■ Records for the task ■
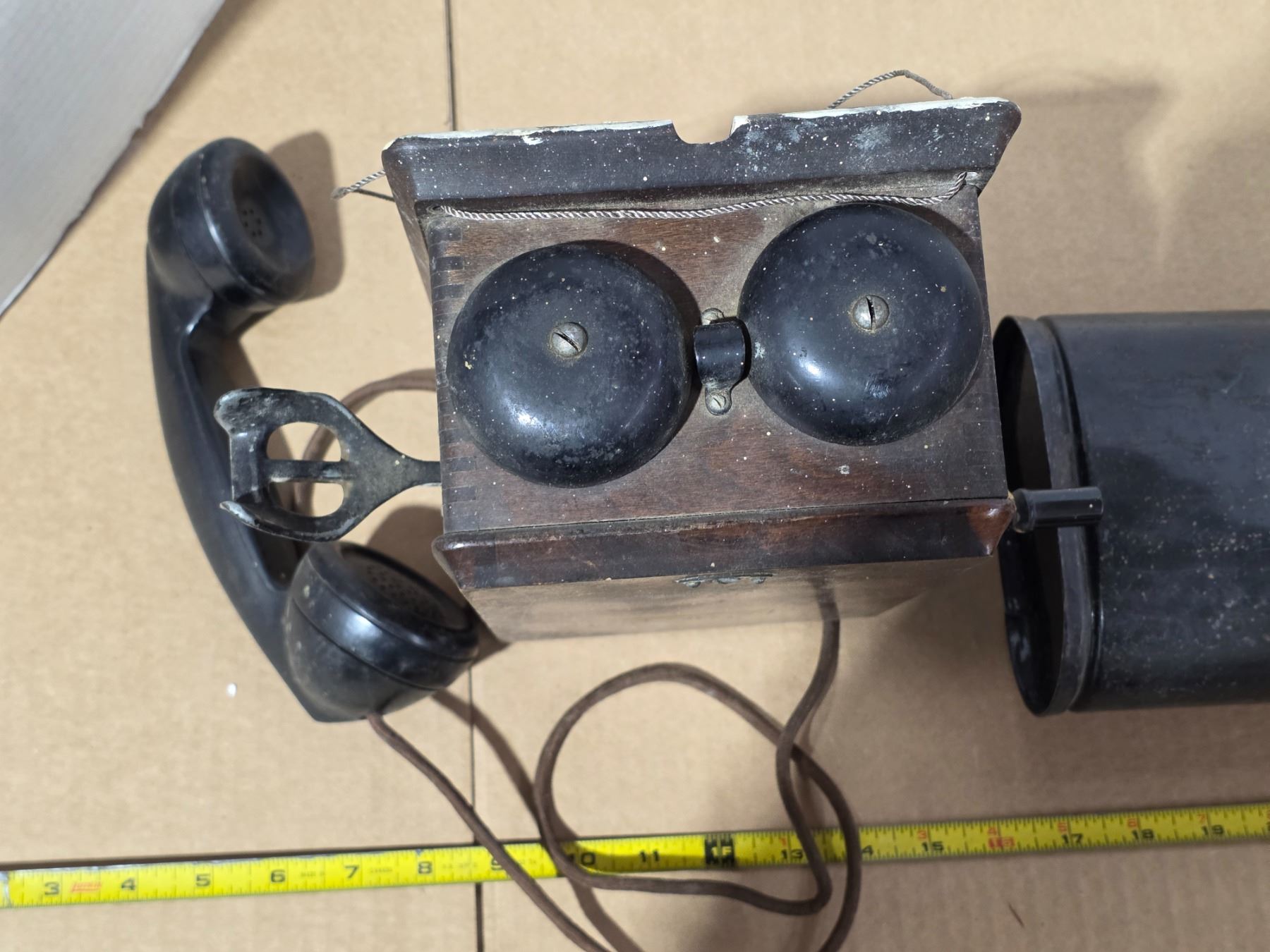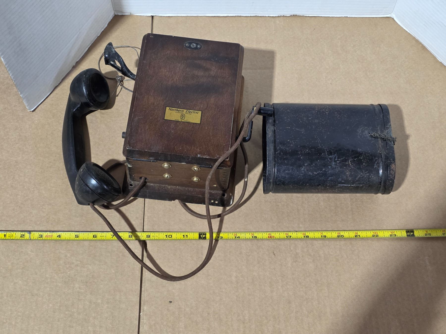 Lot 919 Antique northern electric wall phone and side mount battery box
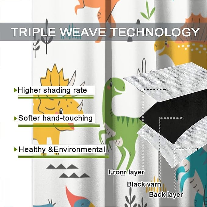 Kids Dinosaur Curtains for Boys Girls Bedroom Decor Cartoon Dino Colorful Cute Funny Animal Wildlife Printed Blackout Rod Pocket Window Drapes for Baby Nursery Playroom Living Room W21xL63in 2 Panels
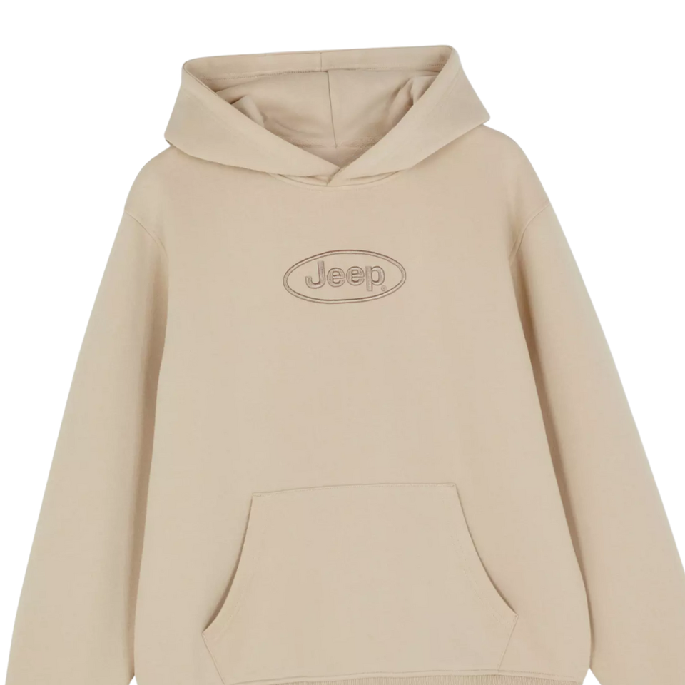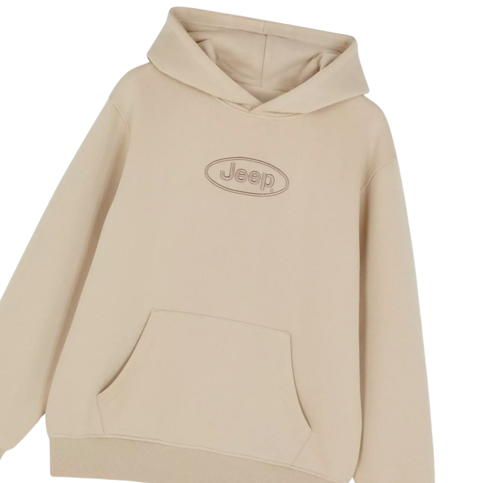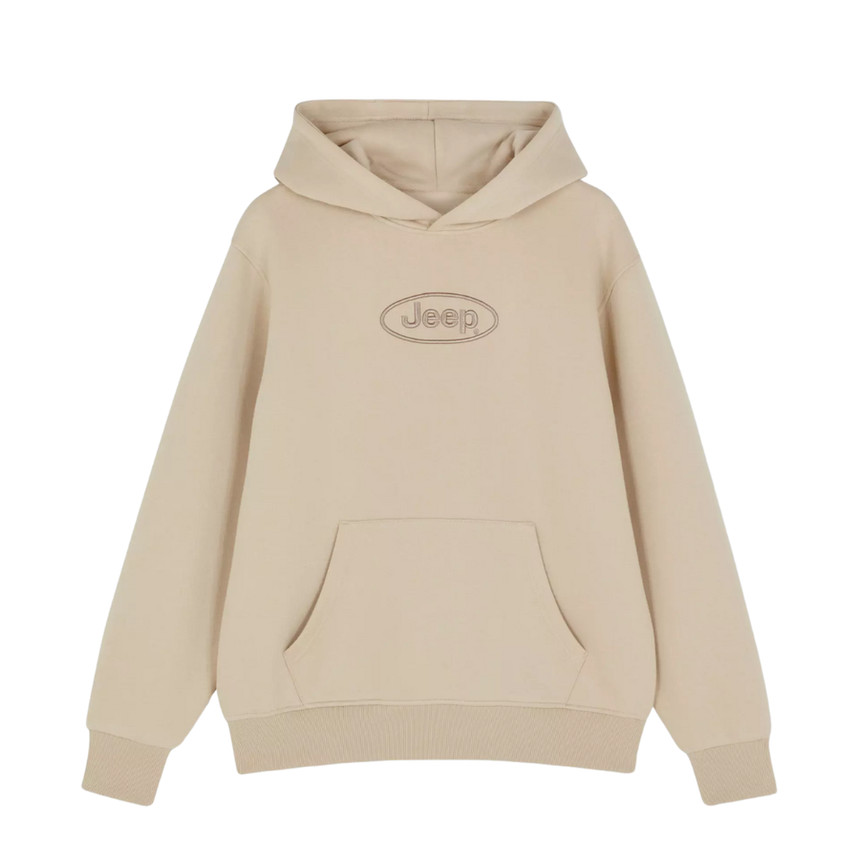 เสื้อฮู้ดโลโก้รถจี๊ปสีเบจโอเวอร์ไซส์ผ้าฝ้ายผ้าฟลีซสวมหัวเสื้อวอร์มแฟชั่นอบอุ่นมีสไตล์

--

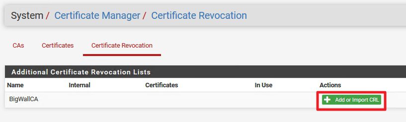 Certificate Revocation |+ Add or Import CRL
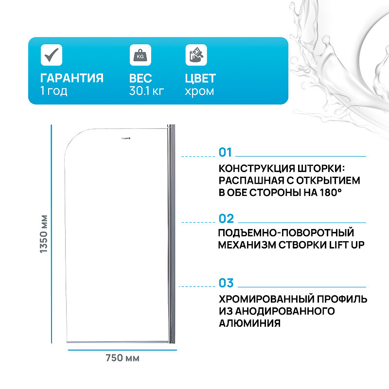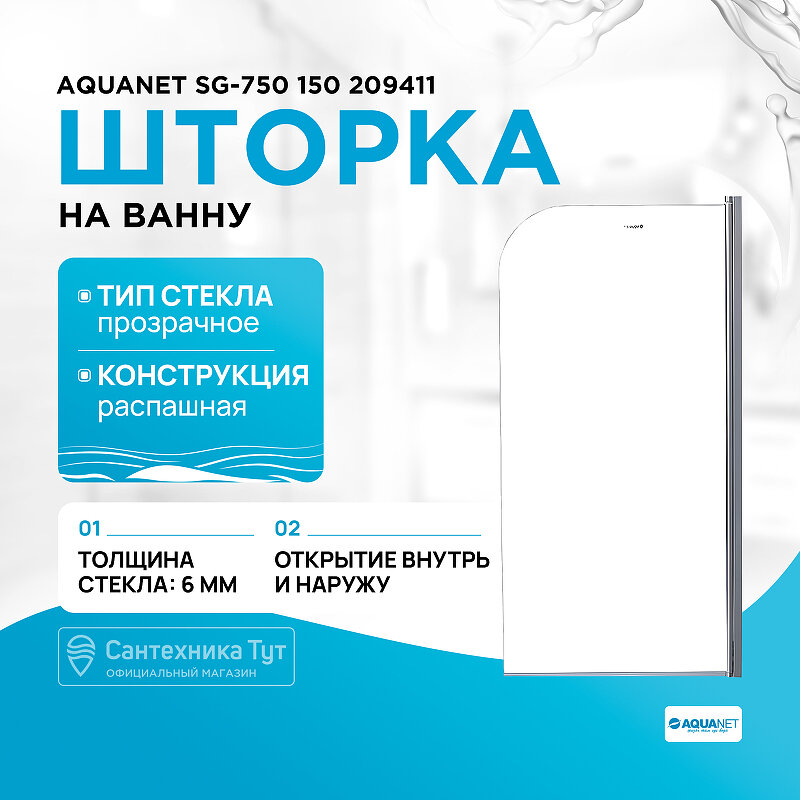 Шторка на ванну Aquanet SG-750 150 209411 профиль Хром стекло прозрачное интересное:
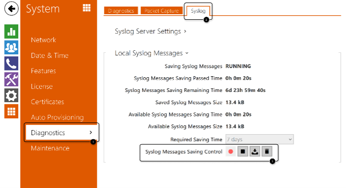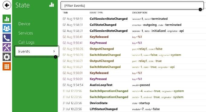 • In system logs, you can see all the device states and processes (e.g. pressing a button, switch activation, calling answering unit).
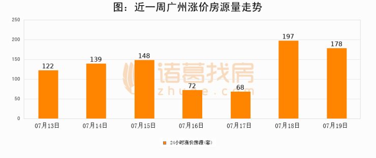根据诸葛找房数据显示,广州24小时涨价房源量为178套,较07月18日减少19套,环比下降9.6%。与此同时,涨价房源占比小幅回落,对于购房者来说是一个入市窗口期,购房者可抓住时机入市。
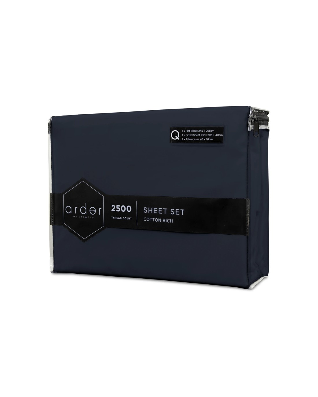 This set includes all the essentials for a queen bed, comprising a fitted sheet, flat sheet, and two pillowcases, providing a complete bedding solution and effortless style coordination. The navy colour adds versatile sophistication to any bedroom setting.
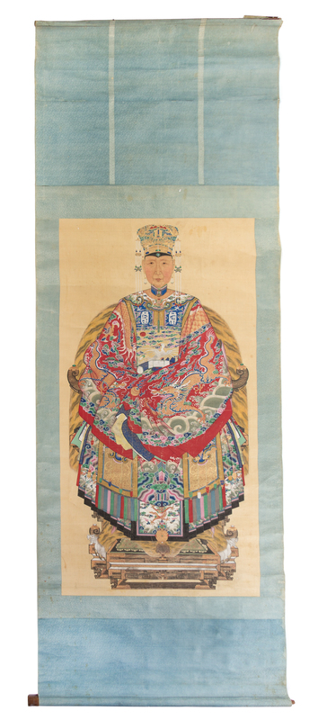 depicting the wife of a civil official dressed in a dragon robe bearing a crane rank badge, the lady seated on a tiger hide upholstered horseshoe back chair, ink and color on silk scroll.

■ Exercise brief ■
Starting at the line above that contains "Lot 919 Antique", transcribe every line exactly through the line that contains "เสื้อฮู้ดโลโก้", including that last one, and skip the pictures.

■ Expected answer ■
 Lot 919 Antique northern electric wall phone and side mount battery box
 Kids Dinosaur Curtains for Boys Girls Bedroom Decor Cartoon Dino Colorful Cute Funny Animal Wildlife Printed Blackout Rod Pocket Window Drapes for Baby Nursery Playroom Living Room W21xL63in 2 Panels
 เสื้อฮู้ดโลโก้รถจี๊ปสีเบจโอเวอร์ไซส์ผ้าฝ้ายผ้าฟลีซสวมหัวเสื้อวอร์มแฟชั่นอบอุ่นมีสไตล์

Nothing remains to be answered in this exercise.